Whereas 3 of 4 sight-threatening and 2 of 7 moderate-to-severe patients showed increased uptake in paranasal sinuses, this was not present in any mild GO. Bilateral TLG was significantly higher in patients with increased uptake in paranasal sinuses compared to those without (10.9 vs. 4.5, p = 0.04).

Furthermore, we investigated the correlation between MRI and PET. Patients with contrast enhancement showed a borderline statistically higher bilateral TLG (p = 0.05) compared to patients without it. MTV showed only a statistical trend (p = 0.07). Clinical activity parameter (STS, CAS) showed no significant differences (p > 0.46).

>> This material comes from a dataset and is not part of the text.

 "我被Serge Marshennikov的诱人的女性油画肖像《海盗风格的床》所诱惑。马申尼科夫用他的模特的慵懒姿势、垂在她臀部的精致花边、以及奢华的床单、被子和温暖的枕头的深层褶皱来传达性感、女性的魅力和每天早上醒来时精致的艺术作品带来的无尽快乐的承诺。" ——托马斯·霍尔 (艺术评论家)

Differences in PET parameters among severity-stratified groups

To explore the capability of 18F-FDG PET to differentiate the severity of GO patients, we compared PET parameter between the three EUGOGO severity grades (mild, moderate to severe, and sight threatening). MRI and PET images of patients with mild, severe, and unilateral GO are provided in Figs. 2, 3, and 4.

Fig. 2
figure 2

Transaxial MRI (panels A, D), PET (panels B, E), and fused slices of a 39-year-old patient with mild GO reveal slight hypertrophy of orbital tissue and faint 18F-FDG uptake, both on early (panels AC) and late static images (panels DF)

Fig. 3
figure 3

Transaxial MRI (panels A, D), PET (panels B, E), and fused slices of a 34-year-old patient with severe GO reveal pronounced orbital tissue hypertrophy, corresponding with high and extensive bilateral 18F-FDG uptake, both on early (panels AC) and late static images (panels DF)

Fig. 4
figure 4

Transaxial MRI (panels A, D), PET (panels B, E), and fused slices of a 21-year-old patient with moderate, mainly left-sided GO reveal orbital tissue hypertrophy and 18F-FDG uptake, both more pronounced on the left side. The latter is more distinct on early static (panels AC) vs. late static images (panels DF)

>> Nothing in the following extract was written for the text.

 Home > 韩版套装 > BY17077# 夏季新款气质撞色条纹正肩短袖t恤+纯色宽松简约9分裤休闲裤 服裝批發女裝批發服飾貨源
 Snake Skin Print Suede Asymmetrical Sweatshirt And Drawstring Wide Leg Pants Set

Bilateral TLG and MTV values showed significant differences between mild/moderate-to-severe and sight-threatening cases (Fig. 5). However, differences in TLG (4.0 vs. 6.7, p = 0.35) and MTV (4.7 vs. 6.3, p = 0.58) were not statistically significant between patients with mild vs. moderate GO. Summed bilateral TLG obtained from the early static images was significantly higher in patients with sight-threatening GO when compared to patients with mild (median 19.7 vs. 3.7; p = 0.02) GO. Differences to patients with moderate GO were less but still statistically significant (median 19.7 vs. 4.8; p = 0.05). Summed MTV derived from the early static images was significantly higher in patients with sight-threatening GO when compared to patients with mild (median 5.7 vs. 1.4; p = 0.03) or moderate (median 5.7 vs. 1.7; p = 0.04) GO.

Fig. 5
figure 5

Mild (green) and moderate-to-severe (orange) afflicted patients showed significantly lower bilateral MTV and TLG values compared with sight-threatening cases (red). *p < 0.05; MTV, metabolic target volume; TLG, total lesion glycolysis

Summed MTV obtained from late static images was higher in patients with sight-threatening vs. moderate (9.8 vs. 7.4, p = 1.0) GO or vs. mild GO (9.4 vs. 4.7, p = 0.33), and higher in moderate vs. mild GO (7.4 vs. 4.7, p = 1.0), but statistical significance was not reached. Similarly, summed TLG did not differ statistically significantly among groups (mild vs. moderate: 5 vs. 7.3, p = 1.0; moderate vs. severe: 7.3 vs. 9.8, p = 1.0; mild vs. severe: 5 vs. 9.8, p = 0.41).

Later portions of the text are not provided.